That his learning was deep and thorough, his most trivial remarks made
abundantly clear; and Williams was not surprised to hear that he had been
to Harrow and Oxford. Later it developed that he was none other than
Lord Northam, of whose ancient hereditary castle on the Yorkshire coast
so many odd things were told; but when Williams tried to talk of the castle,
and of its reputed Roman origin, he refused to admit that there was anything
unusual about it. He even tittered shrilly when the subject of the
supposed under-crypts, hewn out of the solid crag that frowns on the North
Sea, was brought in.
So matters
went till that night when Williams brought home the infamous Necronomicon
of the mad Arab Abdul Alhazred. He had known of the dreaded volume
since his sixteenth year, when his dawning love of the bizarre led him
to ask queer questions of a bent old bookseller in Chandos Street; and
he had always wondered why men paled when they spoke of it. The old
bookseller had told him that only five copies were known to have survived
shocked edicts of the priests and lawgivers against it and that all of
these were locked up with frightful care by custodians who had ventured
to begins a reading of the hateful black-letter. But now, at last,
he had not only found an accessible copy but had made it his own at a ludicrously
low figure. It was at a Jew's shop in the squalid precincts of Clare
Market, where he had often brought strange things before, and he almost
fancied the gnarled old Levite smiled amidst the tangles of beard as the
great discovery was made. The bulky leather cover with the brass
clasp had been so prominently visible, and the price so absurdly slight.
The
one glimpse he had had of the title was enough to send him into transports,
and some of the diagrams set in the vague Latin text excited the tensest
and most disquieting recollections in his brain. He felt it was highly
necessary to get the ponderous thing home and begin deciphering it, and
bore it out of the shop with such precipitate hast that the old Jew chuckled
disturbingly behind him. But when at last it was safe in his room
he found the combination of black-letter and debased idiom too much for
his powers as a linguist, and reluctantly called on his strange frightened
friend for help with the twisted, mediaeval Latin. Lord Northam was
simpering inanities to his streaked cat, and started violently when the
young man entered. Then he saw the volume and shuddered wildly, and
fainted altogether when Williams uttered the title. It was when he
regained his senses that he told his story; told his fantastic figment
of madness in frantic whispers lest his friend be not quick to burn the
accursed book and give wide scattering to its ashes.
There
must, Lord Northam whispered, have been something wrong at the start; but
it would never have some to a head if he had not explored too far.
He was the nineteenth Baron of a line whose beginnings went uncomfortably
far back into the past - unbelievably far, if vague tradition could be
heeded, for there were family tales of a descent from pre-Saxon times,
when a certain Luneus Gabinius Capito, military tribune in the Third Augustan
Legion then stationed at Lindum in Roman Britain, had been summarily expelled
from his command for participation in certain rites unconnected with any
known religion.
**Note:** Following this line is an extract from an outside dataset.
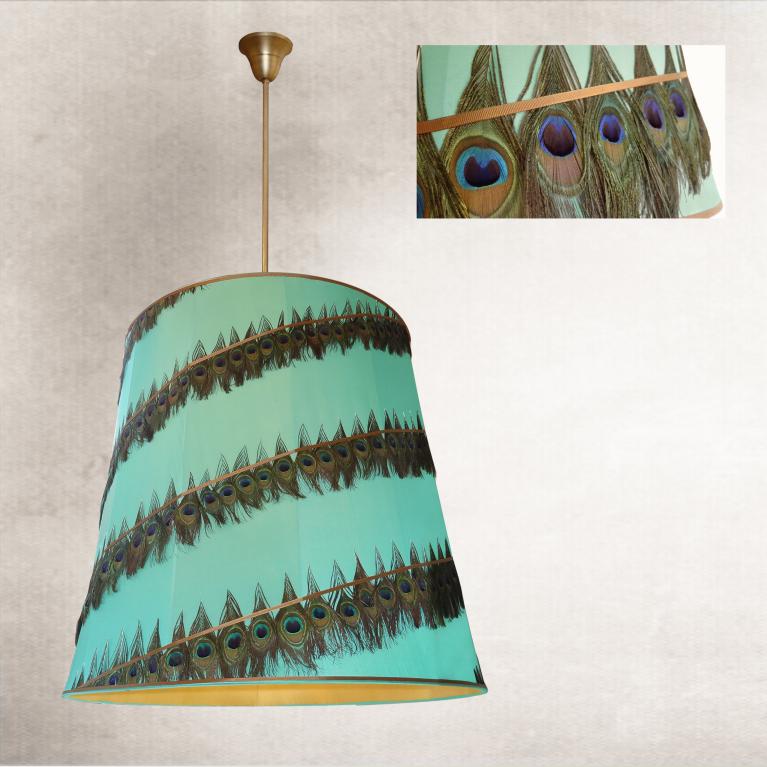 Abat-jour 75 cm suspension "droit", tendu en soie turquoise, doublure en soie dorée, ornement galon de plumes de paon en spirale.

Gabinius had, the rumour ran, come upon the cliffside
cavern where strange folk met together and made the Elder Sign in the dark;
strange folk whom the Britons knew not save in fear, and who were the last
to survive from a great land in the west that had sunken, leaving only
the islands with the [roaths] and circles and shrines of which Stonehenge
was the greatest. There was no certainty, of course, in the legend
that Gabinius had built an impregnable fortress over the forbidden cave
and founded a line which Pict and Saxon, Dane and Norman were powerless
to obliterate; or in the tacit assumption that from this line sprang the
bold companion and lieutenant of the Black Prince whom Edward Third created
Baron of Northam. These things were not certain, yet they were often
told; and in truth the stonework of Northam Keep did look alarmingly like
the masonry of Hadrian's Wall. As a child Lord Northam had had peculiar
dreams when sleeping in the older parts of the castle, and had acquired
a constant habit of looking back through his memory for half-amorphous
scenes and patterns and impressions which formed no part of his waking
experiences. He became a dreamer who found life tame and unsatisfying;
a searcher for strange realms and relationships once familiar, yet lying
nowhere in the visible regions of the Earth.
Filled
with a feeling that our tangible world is only an atom in a fabric vast
and ominous, and that unknown demesnes press on and permeate the sphere
of the known at every point, Northam in youth and young manhood drained
in turn the founts of formal religion and occult mystery. Nowhere, however,
could he find ease and content; and as he grew older the staleness and
limitations of life became more and more maddening to him. During
the 'nineties he dabbled in Satantism, and at all times he devoured avidly
any doctrine of theory which seemed to promise escape from the close vistas
of science and the dully unvarying laws of Nature. Books like Ignatious
Donnelly's chimerical account of Atlantis he absorbed with zest, and a
dozen obscure precursors of Charles Fort enthralled him with their vagaries.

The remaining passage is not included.